Nothing may be left out of the listing below but its images; repeat the rest exactly.

# [DATA SECTION]
*** Begin section ***
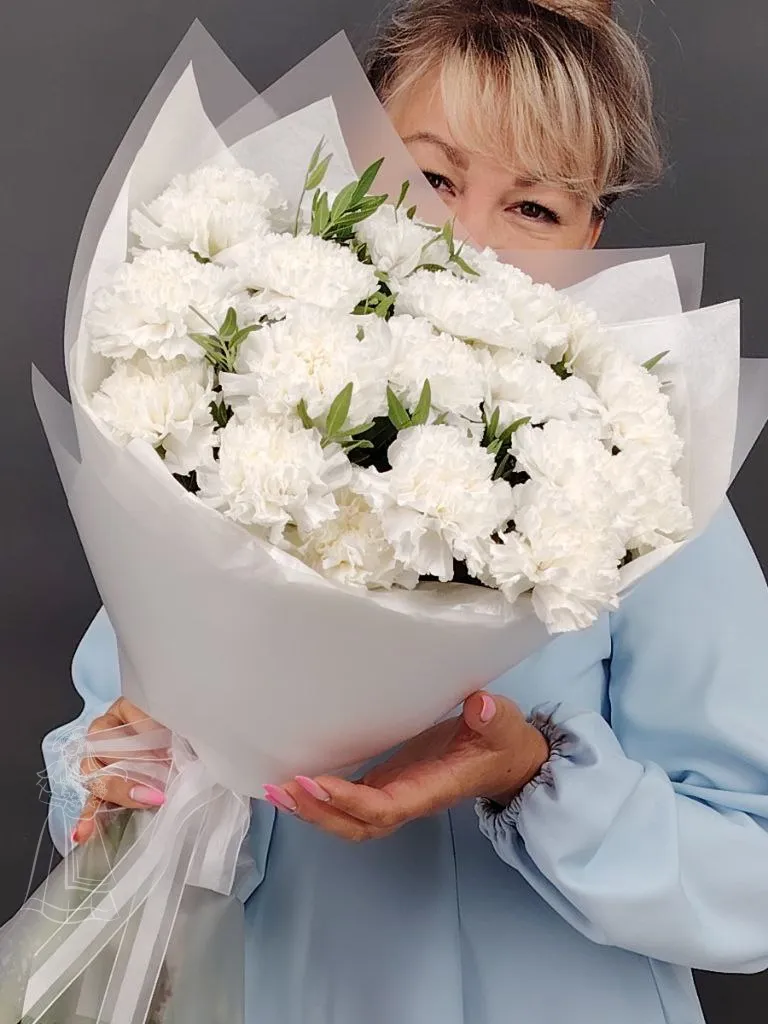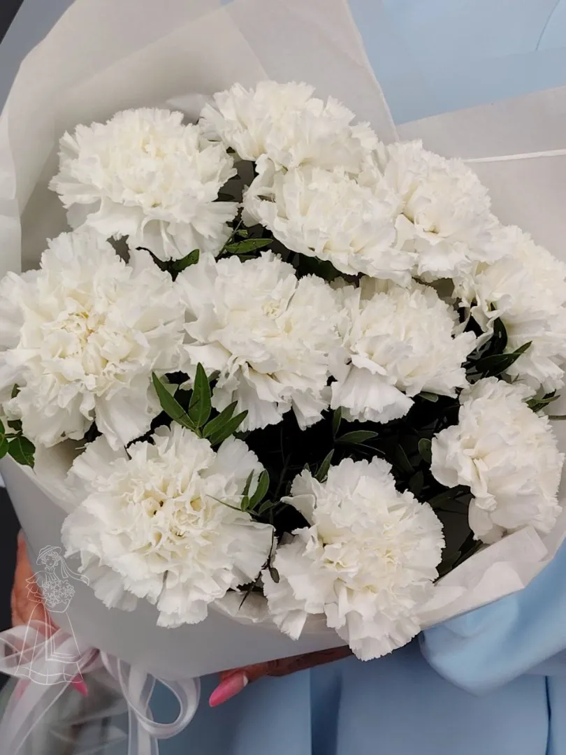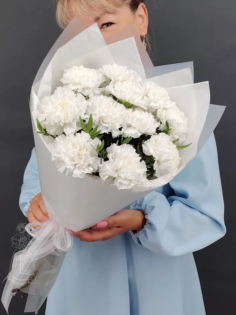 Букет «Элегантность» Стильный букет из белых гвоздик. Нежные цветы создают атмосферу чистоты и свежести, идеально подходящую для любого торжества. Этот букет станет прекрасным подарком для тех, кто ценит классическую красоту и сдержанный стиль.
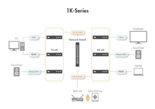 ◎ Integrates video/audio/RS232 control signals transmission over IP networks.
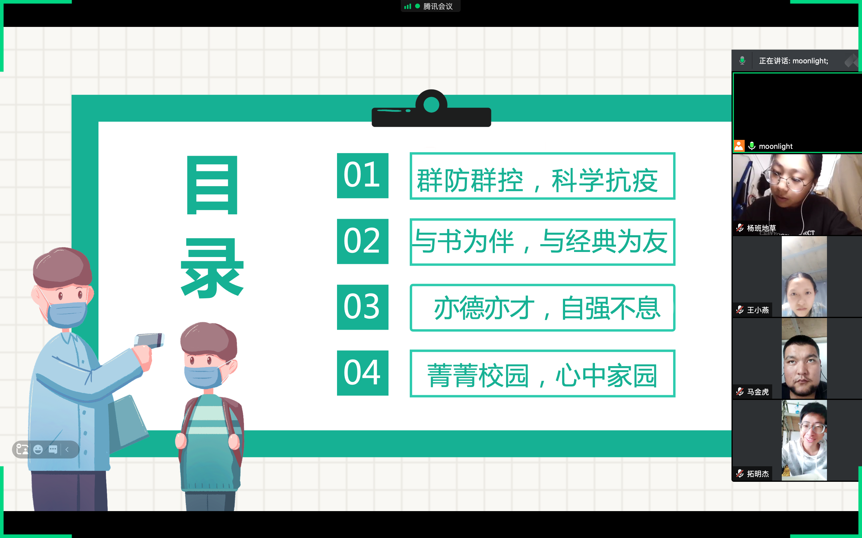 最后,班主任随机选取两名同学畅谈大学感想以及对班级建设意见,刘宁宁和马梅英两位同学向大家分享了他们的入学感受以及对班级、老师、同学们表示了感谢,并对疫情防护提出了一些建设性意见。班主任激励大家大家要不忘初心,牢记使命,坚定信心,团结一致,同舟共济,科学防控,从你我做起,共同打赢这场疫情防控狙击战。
*** End section ***
# [SOLUTION]
 Букет «Элегантность» Стильный букет из белых гвоздик. Нежные цветы создают атмосферу чистоты и свежести, идеально подходящую для любого торжества. Этот букет станет прекрасным подарком для тех, кто ценит классическую красоту и сдержанный стиль.
 ◎ Integrates video/audio/RS232 control signals transmission over IP networks.
 最后,班主任随机选取两名同学畅谈大学感想以及对班级建设意见,刘宁宁和马梅英两位同学向大家分享了他们的入学感受以及对班级、老师、同学们表示了感谢,并对疫情防护提出了一些建设性意见。班主任激励大家大家要不忘初心,牢记使命,坚定信心,团结一致,同舟共济,科学防控,从你我做起,共同打赢这场疫情防控狙击战。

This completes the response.